What you are asked to do:
Leave out the pictures and retype all the entries below exactly.

____ Task input

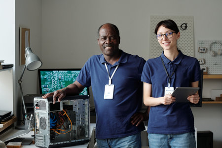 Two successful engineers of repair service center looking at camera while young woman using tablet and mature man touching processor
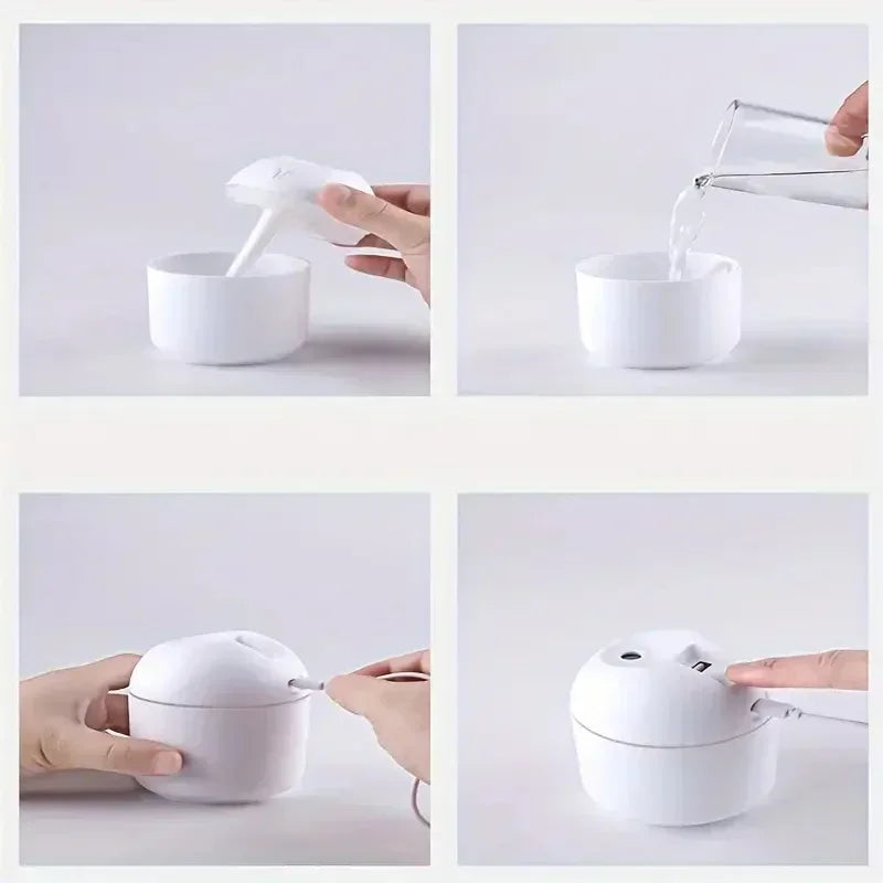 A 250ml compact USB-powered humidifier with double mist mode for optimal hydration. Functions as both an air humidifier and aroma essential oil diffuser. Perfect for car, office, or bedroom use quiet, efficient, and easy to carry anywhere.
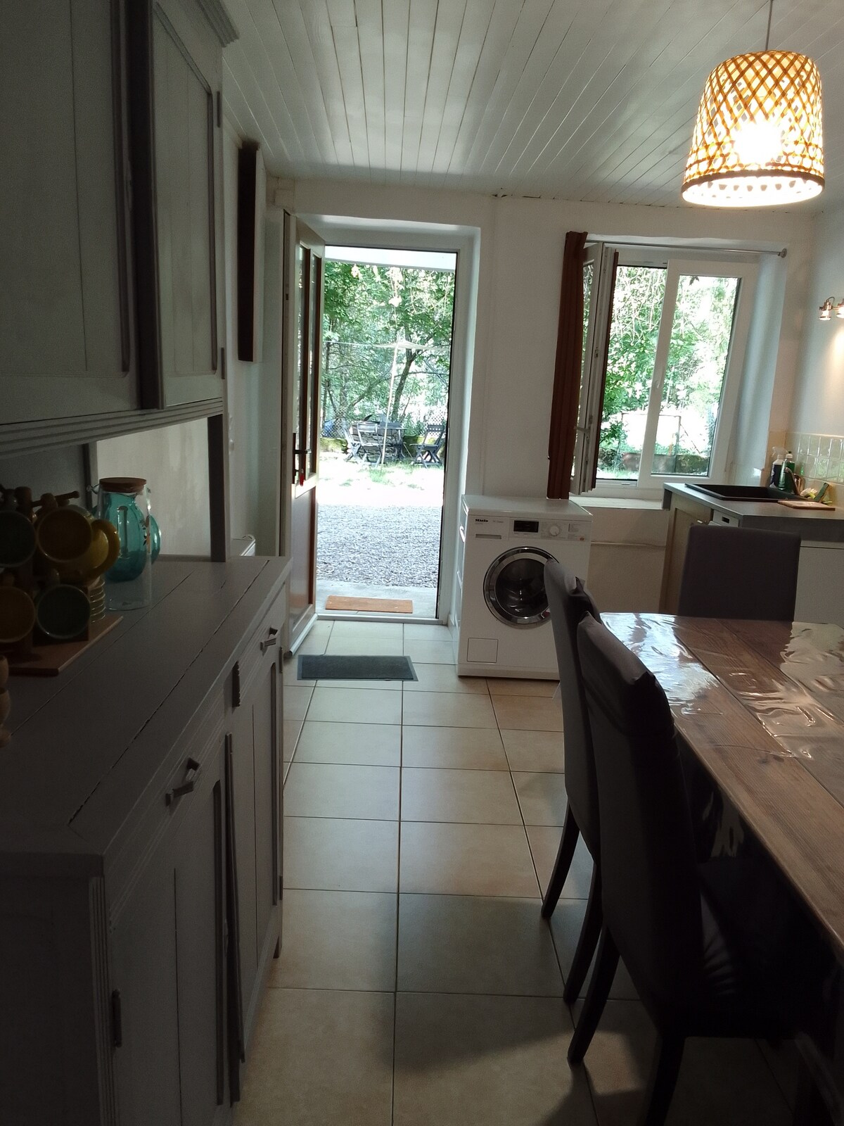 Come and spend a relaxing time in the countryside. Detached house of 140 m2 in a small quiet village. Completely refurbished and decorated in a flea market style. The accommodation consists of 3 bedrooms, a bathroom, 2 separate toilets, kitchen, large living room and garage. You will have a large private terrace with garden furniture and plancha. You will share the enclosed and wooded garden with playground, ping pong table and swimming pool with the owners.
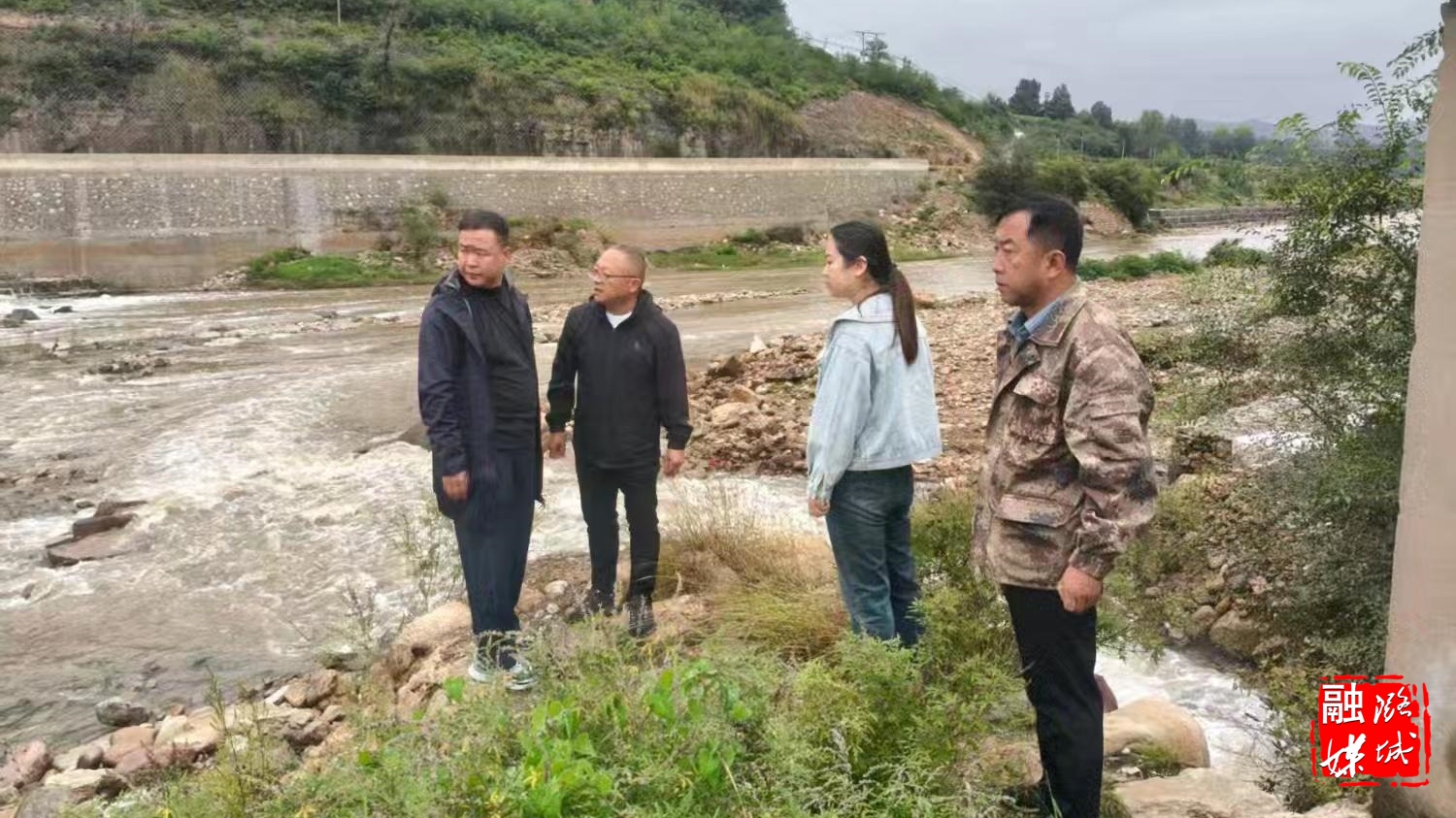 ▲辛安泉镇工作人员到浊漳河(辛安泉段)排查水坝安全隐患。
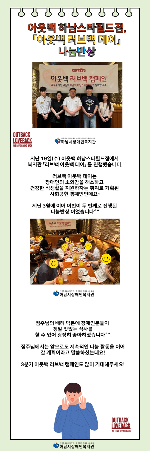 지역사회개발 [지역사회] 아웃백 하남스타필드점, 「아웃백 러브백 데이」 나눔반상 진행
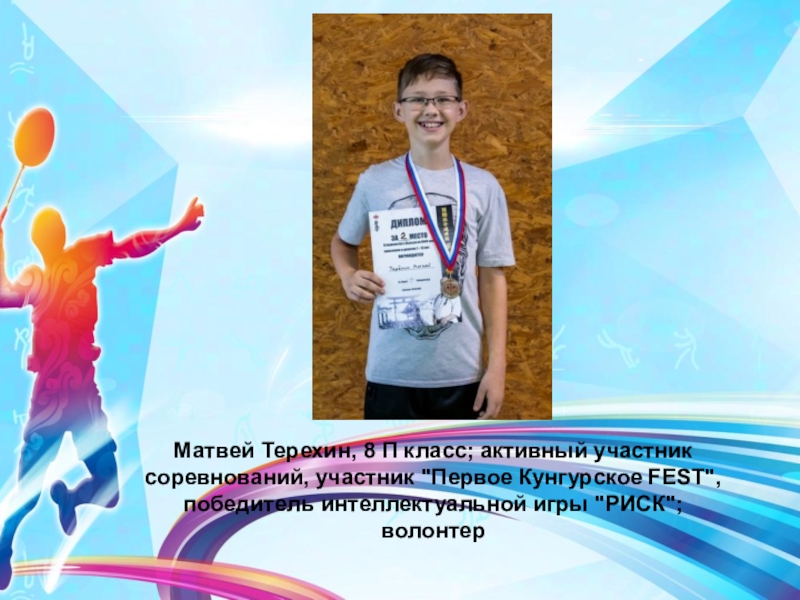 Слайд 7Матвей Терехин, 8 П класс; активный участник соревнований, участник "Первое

________

Solution:
 Two successful engineers of repair service center looking at camera while young woman using tablet and mature man touching processor
 A 250ml compact USB-powered humidifier with double mist mode for optimal hydration. Functions as both an air humidifier and aroma essential oil diffuser. Perfect for car, office, or bedroom use quiet, efficient, and easy to carry anywhere.
 Come and spend a relaxing time in the countryside. Detached house of 140 m2 in a small quiet village. Completely refurbished and decorated in a flea market style. The accommodation consists of 3 bedrooms, a bathroom, 2 separate toilets, kitchen, large living room and garage. You will have a large private terrace with garden furniture and plancha. You will share the enclosed and wooded garden with playground, ping pong table and swimming pool with the owners.
 ▲辛安泉镇工作人员到浊漳河(辛安泉段)排查水坝安全隐患。
 지역사회개발 [지역사회] 아웃백 하남스타필드점, 「아웃백 러브백 데이」 나눔반상 진행
 Слайд 7Матвей Терехин, 8 П класс; активный участник соревнований, участник "Первое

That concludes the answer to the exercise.